Task brief: Reproduce the entries shown below only from the line with "of this recipe!" down to the line with "Một báo cáo", keeping both end lines and copying each one exactly.

Provided material:
===

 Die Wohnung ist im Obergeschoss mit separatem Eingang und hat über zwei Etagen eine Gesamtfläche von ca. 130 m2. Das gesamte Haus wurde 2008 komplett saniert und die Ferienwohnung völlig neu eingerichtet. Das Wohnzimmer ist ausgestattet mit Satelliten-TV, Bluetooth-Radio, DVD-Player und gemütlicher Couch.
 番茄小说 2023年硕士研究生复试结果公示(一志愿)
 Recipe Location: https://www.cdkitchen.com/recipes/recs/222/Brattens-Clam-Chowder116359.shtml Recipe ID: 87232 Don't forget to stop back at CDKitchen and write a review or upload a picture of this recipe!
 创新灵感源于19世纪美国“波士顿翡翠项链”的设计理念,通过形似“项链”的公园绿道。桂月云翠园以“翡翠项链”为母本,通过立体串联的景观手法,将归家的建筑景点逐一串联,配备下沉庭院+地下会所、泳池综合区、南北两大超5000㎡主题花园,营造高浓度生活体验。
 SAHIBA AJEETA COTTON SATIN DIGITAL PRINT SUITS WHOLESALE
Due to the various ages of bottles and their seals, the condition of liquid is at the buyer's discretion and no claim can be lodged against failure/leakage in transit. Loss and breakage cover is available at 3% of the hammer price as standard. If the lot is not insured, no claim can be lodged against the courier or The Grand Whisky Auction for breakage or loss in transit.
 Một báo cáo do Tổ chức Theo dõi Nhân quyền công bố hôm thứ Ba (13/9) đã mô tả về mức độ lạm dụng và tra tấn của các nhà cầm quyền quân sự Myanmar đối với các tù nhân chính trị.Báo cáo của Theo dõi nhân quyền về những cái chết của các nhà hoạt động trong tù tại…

===

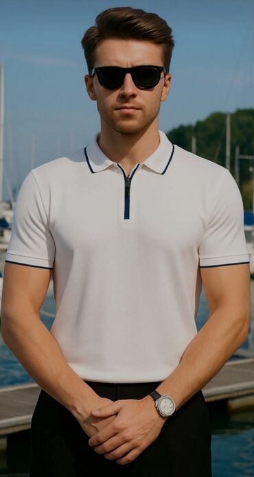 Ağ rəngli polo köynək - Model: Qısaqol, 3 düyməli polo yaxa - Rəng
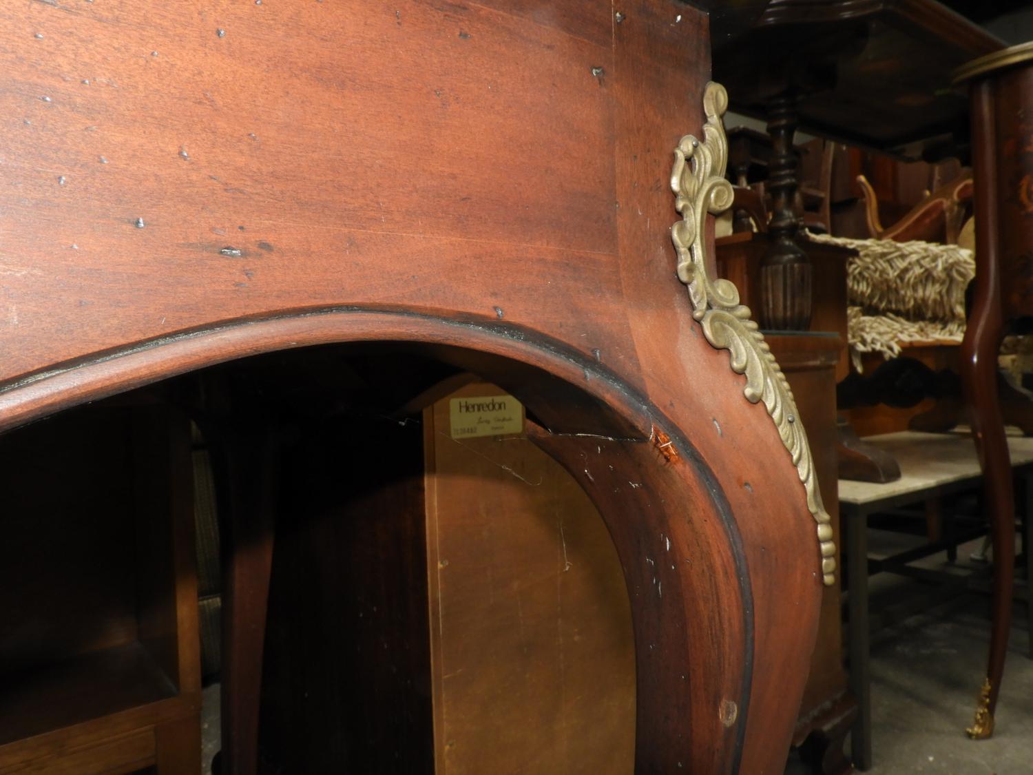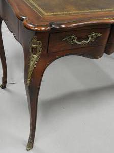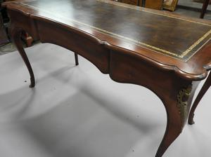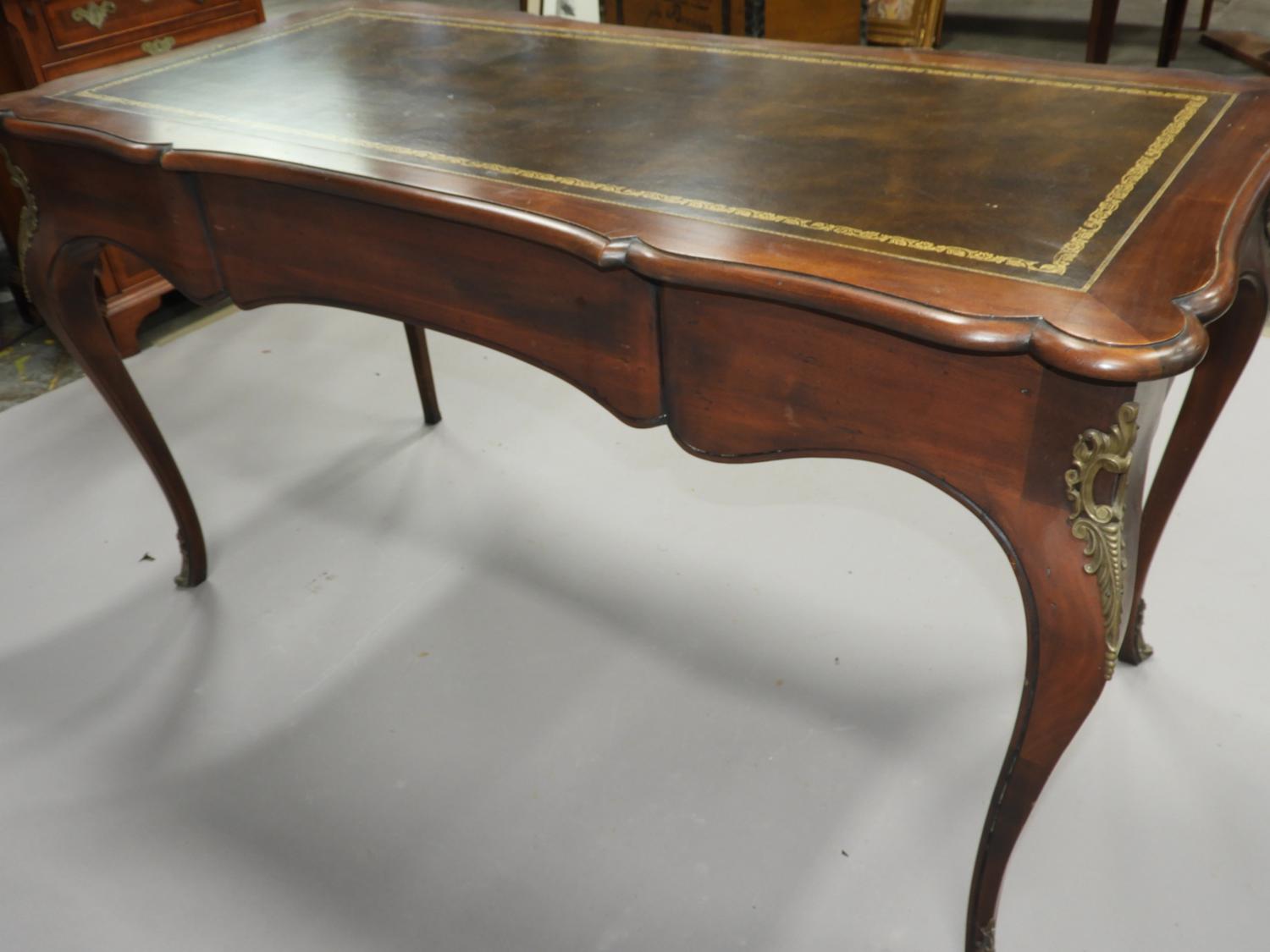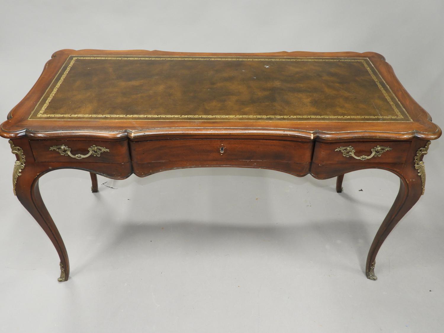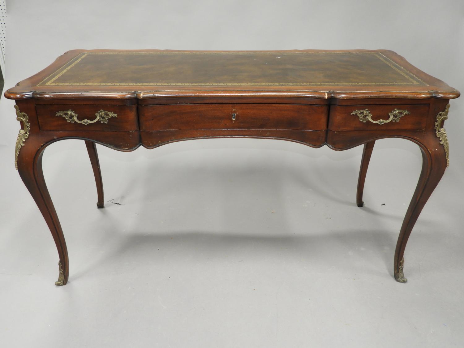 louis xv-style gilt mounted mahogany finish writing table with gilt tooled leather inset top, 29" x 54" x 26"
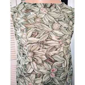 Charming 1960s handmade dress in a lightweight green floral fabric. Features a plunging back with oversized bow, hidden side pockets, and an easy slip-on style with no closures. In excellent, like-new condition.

===

Answer to this problem:
 Recipe Location: https://www.cdkitchen.com/recipes/recs/222/Brattens-Clam-Chowder116359.shtml Recipe ID: 87232 Don't forget to stop back at CDKitchen and write a review or upload a picture of this recipe!
 创新灵感源于19世纪美国“波士顿翡翠项链”的设计理念,通过形似“项链”的公园绿道。桂月云翠园以“翡翠项链”为母本,通过立体串联的景观手法,将归家的建筑景点逐一串联,配备下沉庭院+地下会所、泳池综合区、南北两大超5000㎡主题花园,营造高浓度生活体验。
 SAHIBA AJEETA COTTON SATIN DIGITAL PRINT SUITS WHOLESALE
Due to the various ages of bottles and their seals, the condition of liquid is at the buyer's discretion and no claim can be lodged against failure/leakage in transit. Loss and breakage cover is available at 3% of the hammer price as standard. If the lot is not insured, no claim can be lodged against the courier or The Grand Whisky Auction for breakage or loss in transit.
 Một báo cáo do Tổ chức Theo dõi Nhân quyền công bố hôm thứ Ba (13/9) đã mô tả về mức độ lạm dụng và tra tấn của các nhà cầm quyền quân sự Myanmar đối với các tù nhân chính trị.Báo cáo của Theo dõi nhân quyền về những cái chết của các nhà hoạt động trong tù tại…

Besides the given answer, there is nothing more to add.